13 RAG: Retrieval Augmented Generation

📍 Chapter Overview

Time: ~90 minutes | Level: Intermediate | Prerequisites: Chapter 11

“RAG is how AI stops hallucinating and starts answering from your data.”

13.1 11.1 The Hallucination Problem

LLMs are trained on data up to a cutoff date. They don’t know about:

Your company’s private documents
Events after their training cutoff
Real-time pricing, inventory, or regulations
Proprietary knowledge bases

When asked about things they don’t know, LLMs do one of two things: say “I don’t know” (best case) or hallucinate — confidently invent false information. RAG solves this.

13.2 11.2 What is RAG?

Retrieval Augmented Generation is a technique that:

Retrieves relevant documents from a knowledge base
Augments the LLM prompt with that context
Generates a grounded, accurate answer

sequenceDiagram
    participant User
    participant RAG System
    participant Vector DB
    participant LLM

    User->>RAG System: "What is our refund policy?"
    RAG System->>Vector DB: Search for relevant docs
    Vector DB->>RAG System: Top 4 matching chunks
    RAG System->>LLM: "Based on these docs: [context]...<br/>Question: What is our refund policy?"
    LLM->>RAG System: Grounded answer with citations
    RAG System->>User: "Our refund policy states..."

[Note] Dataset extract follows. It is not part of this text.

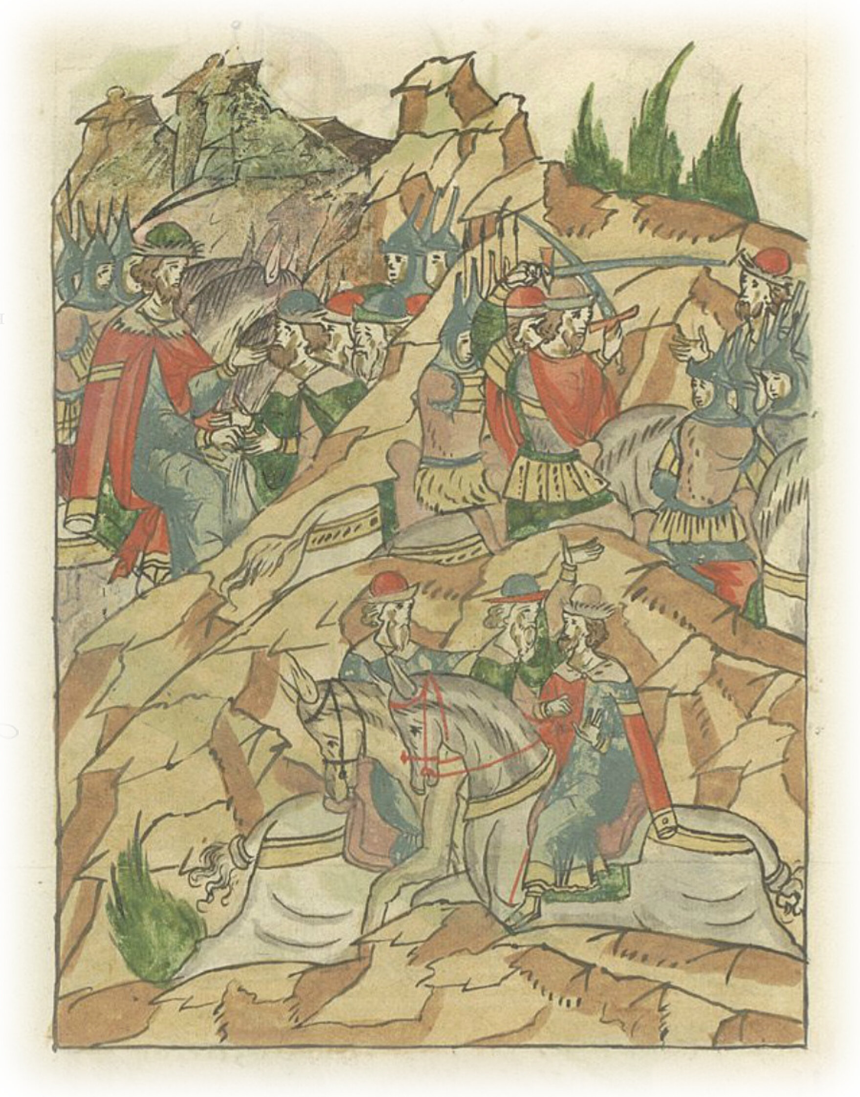 Войско великого князя Василия Васильевича прогоняет князя Василия Юрьевича Косого и его полки. Князь Иван Баба Друцкий хватает князя Василия Юрьевича и приводит к великому князю.
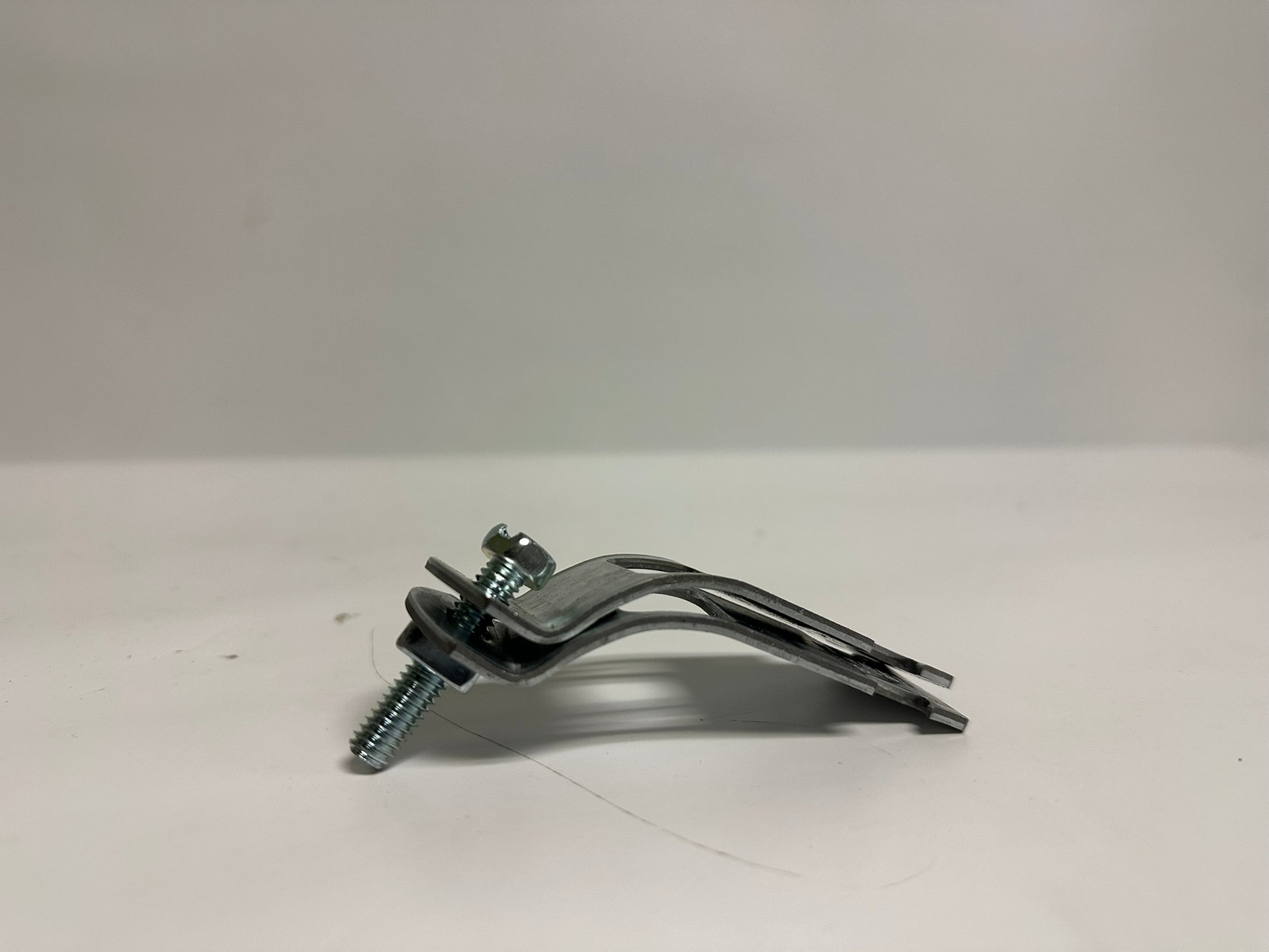 The Eaton B2213PAZN is a 2-inch pre-assembled pipe clamp designed for securing EMT, IMC, and rigid conduit to strut channel systems. Made from 12-gauge low carbon steel with a zinc-plated finish, it offers strong corrosion resistance for long-term durability. The clamp supports conduit sizes with outer diameters between 2.192" and 2.400", making it versatile for various applications. It includes a combination recessed hex head screw and square nut for easy installation. With a vertical load capacity of 600 lbs and a transverse load capacity of 75 lbs, this clamp delivers dependable support in commercial, industrial, and utility settings.

13.3 11.3 RAG Architecture Components

graph TD
    A[📚 Knowledge Base<br/>PDFs, Docs, Web, DB] --> B[Document Loader]
    B --> C[Text Splitter<br/>Chunk into pieces]
    C --> D[Embedding Model<br/>Text → Vectors]
    D --> E[Vector Database<br/>Store embeddings]

    F[❓ User Query] --> G[Query Embedding]
    G --> H[Semantic Search<br/>Top-K retrieval]
    E --> H
    H --> I[Context Assembly<br/>Format retrieved docs]
    I --> J[LLM + Prompt<br/>Generate answer]
    J --> K[✅ Grounded Response]

13.4 11.4 Chunking Strategies

How you split documents dramatically affects retrieval quality.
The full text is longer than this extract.